There was an airstrip on the mountain behind the college. Every summer they would install a tank for mixing fire retardant and bring in 3 small biplanes to deliver it to the fires in the local area. When I see DC 10's dropping long strips of retardant nowadays, it's almost laughable to remember how small and pathetic those little biplanes were, but I felt safer with them around.
That day, the weather was unusually hot and dry. As evening approached, a breeze started to rustle the trees, but it was not a cool ocean breeze like we had on most days. It was a warm, dry breeze. The biplanes had been flying to the north all day but I had not seen any smoke. I recall walking around our property as the sun was setting and seeing a column of smoke directly to the north. I remember wishing the biplanes could fly at night. It seemed to be a fair distance away and the fire sirens did not go off, so even though the thought of going to bed with a wildfire burning made me a bit uneasy, I wasn't much more worried than I ever was. I vaguely recall waking up a couple of times during the night and hearing the wind blowing pretty hard, but still no sirens.

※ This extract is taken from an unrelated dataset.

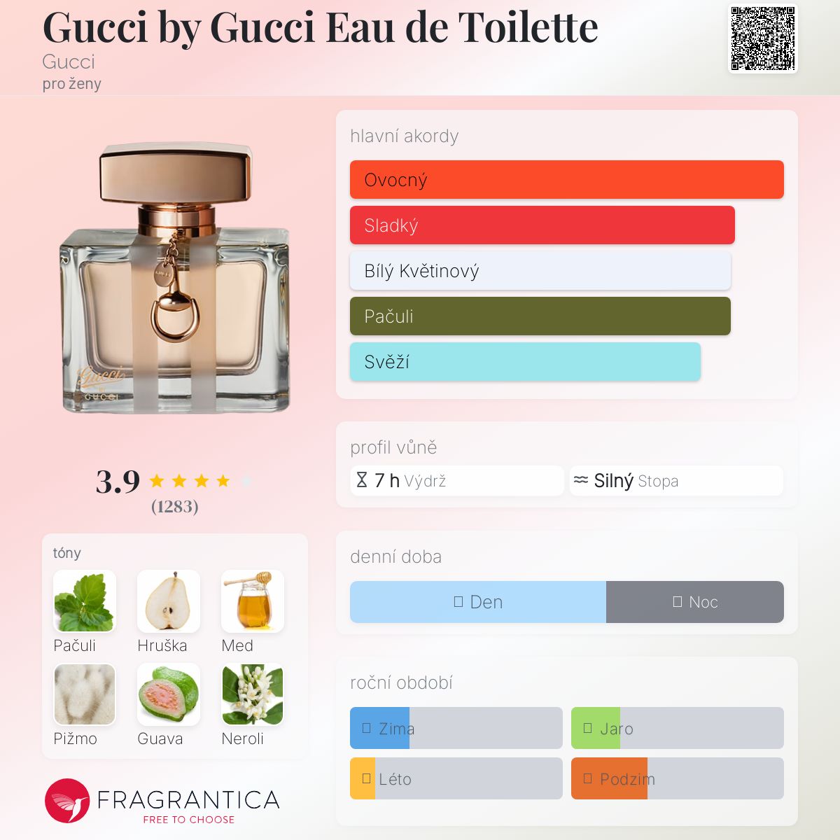 Gucci by Gucci Eau de Toilette podle Gucci je Chypre Floral vůně pro ženy. Gucci by Gucci Eau de Toilette byl/a uveden/a v roce 2008. "Nosem" za touto vůní je Ilias Ermenidis. Vrchní tóny jsou Hruška a Guava; střední tóny jsouNeroli, Konvalinka a Květ tahitské gardénie ; základní tóny jsou Pačuli, Med a Pižmo.

When I awoke the next morning, it seemed like all hell had broken loose, and quite literally. The wind was howling so hard, it stripped the leaves off the liquid amber tree in our yard leaving the stems attached to the tree! There was a wall of smoke to the north blowing directly west. My mother made a some phone calls and turned on the radio. The fire had started the day before near the base of Mt St Helena. The fire authorities thought they had it under control, but it had flared up in the evening. That was the smoke I saw before I went to bed. Driven by that hellacious wind, the fire burned right through Calistoga to the outskirts of Santa Rosa in one night. I had a few classmates from school who commute up from Calistoga and I learned they had evacuated with only enough time to grab a few clothes. Of course, the biplanes were of no use as they could not fly in that kind of wind. They were pathetically way too small for that job anyway.
The winds gradually died down but the offshore flow remained for several days. It seemed like a month! The south flank of the fire kept advancing toward Angwin. At one point, we could see the flames from our property. Calls went out for volunteers from the community to help out on the fire lines. My dad went for a night shift. I was so scared, but I was already knew how to use an ax to chop wood and I didn't see why I couldn't go too! That was a long night. I was afraid if the wind shifted back to a onshore flow, it would blow the fire right at us, but my dad assured me that an ocean flow would bring cooler, wetter air which would help suppress the fire. He was right. One morning we woke up to fog and the fire was essentially out.
As you can probably tell, I still have a touch of PTSD from that experience. I did not know that fire had a name until I researched it on the internet after the Middletown fire and I found some 50 year anniversary stories from the Napa Register. It was the Hanley Fire. Look it up. It must have followed an eerily similar path as the current fire that burned from Calistoga to Santa Rosa.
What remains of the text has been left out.